- _Input for this task_:
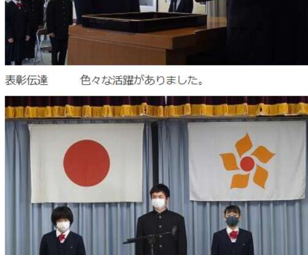
表彰伝達 色々な活躍がありました。
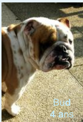
Bud 4 ans

Ci-après, ils sont entrés dans leur famille pour les faire " vivre en bulldog ".
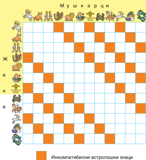
Слика 10. – (Sydney Omarr)

ПИТАЊЕ АСТРОЛОЗИМА: Зашто се различите астролошке школе тако оштро разилазе у својим схватањима?
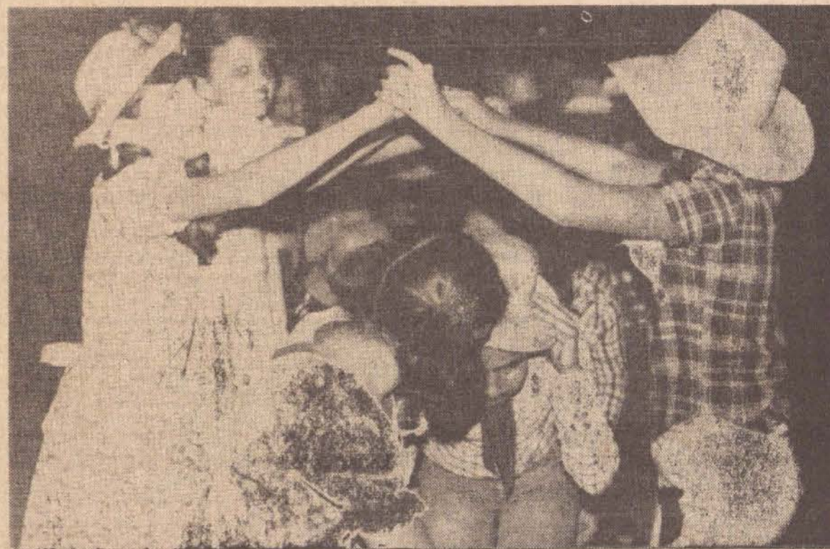
A passagem pelo tunel
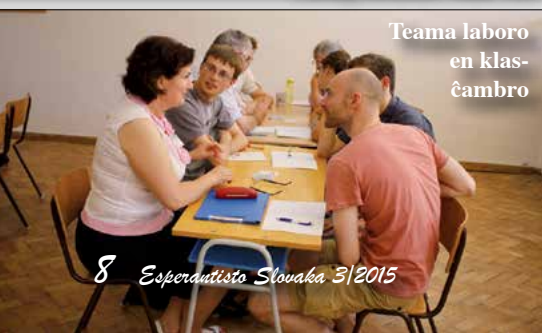
Teama laboro en klasĉambro

da sekundoj, kaj ekde la unua sekundo mi sentis, ke mi ĝin trovis. Mi aliris la aferon tiel, ke mi lernos ion novan, eble mi kun iu babilos, kaj se mi enuos, mi iros hejmen, aŭ bierumi kun amikoj.
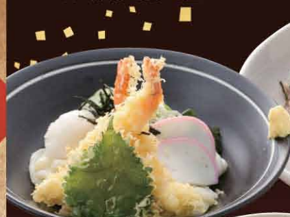
海老天ころおろしうどん 850円
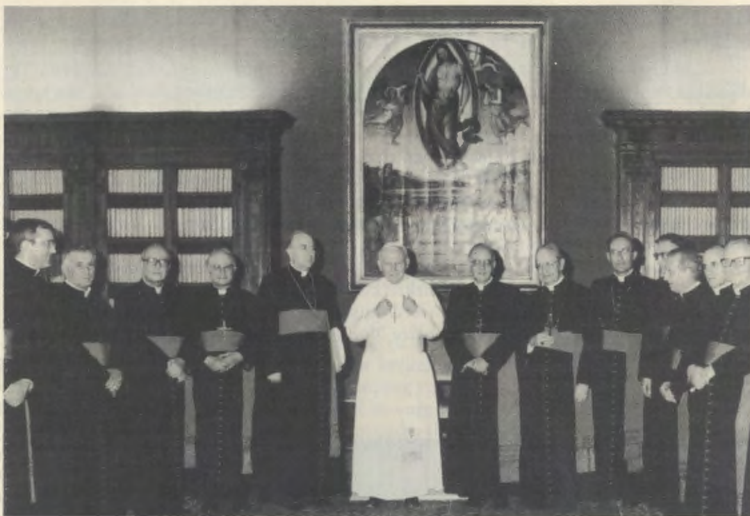
6 juli 1991, na de lezing van het Decreet over het wonder toegeschreven aan de voorspraak van de Eerbiedwaardige Josemaría Escrivá.

Op het moment dat de gezwellen verdwenen, verbeterde deze tweede ziekte ook op plotselinge en onverklaarbare wijze en verdween definitief. Dezelfde raad stelde vast dat de prognose zeer ongunstig was quoad vitam en quoad valetudinem (wat het leven en de gezondheid betreft).

- _Work to be completed_: Reproduce the whole listing word for word, setting aside any pictures.

- _Answer space_:
表彰伝達 色々な活躍がありました。
Bud 4 ans

Ci-après, ils sont entrés dans leur famille pour les faire " vivre en bulldog ".
Слика 10. – (Sydney Omarr)

ПИТАЊЕ АСТРОЛОЗИМА: Зашто се различите астролошке школе тако оштро разилазе у својим схватањима?
A passagem pelo tunel
Teama laboro en klasĉambro

da sekundoj, kaj ekde la unua sekundo mi sentis, ke mi ĝin trovis. Mi aliris la aferon tiel, ke mi lernos ion novan, eble mi kun iu babilos, kaj se mi enuos, mi iros hejmen, aŭ bierumi kun amikoj.
海老天ころおろしうどん 850円
6 juli 1991, na de lezing van het Decreet over het wonder toegeschreven aan de voorspraak van de Eerbiedwaardige Josemaría Escrivá.

Op het moment dat de gezwellen verdwenen, verbeterde deze tweede ziekte ook op plotselinge en onverklaarbare wijze en verdween definitief. Dezelfde raad stelde vast dat de prognose zeer ongunstig was quoad vitam en quoad valetudinem (wat het leven en de gezondheid betreft).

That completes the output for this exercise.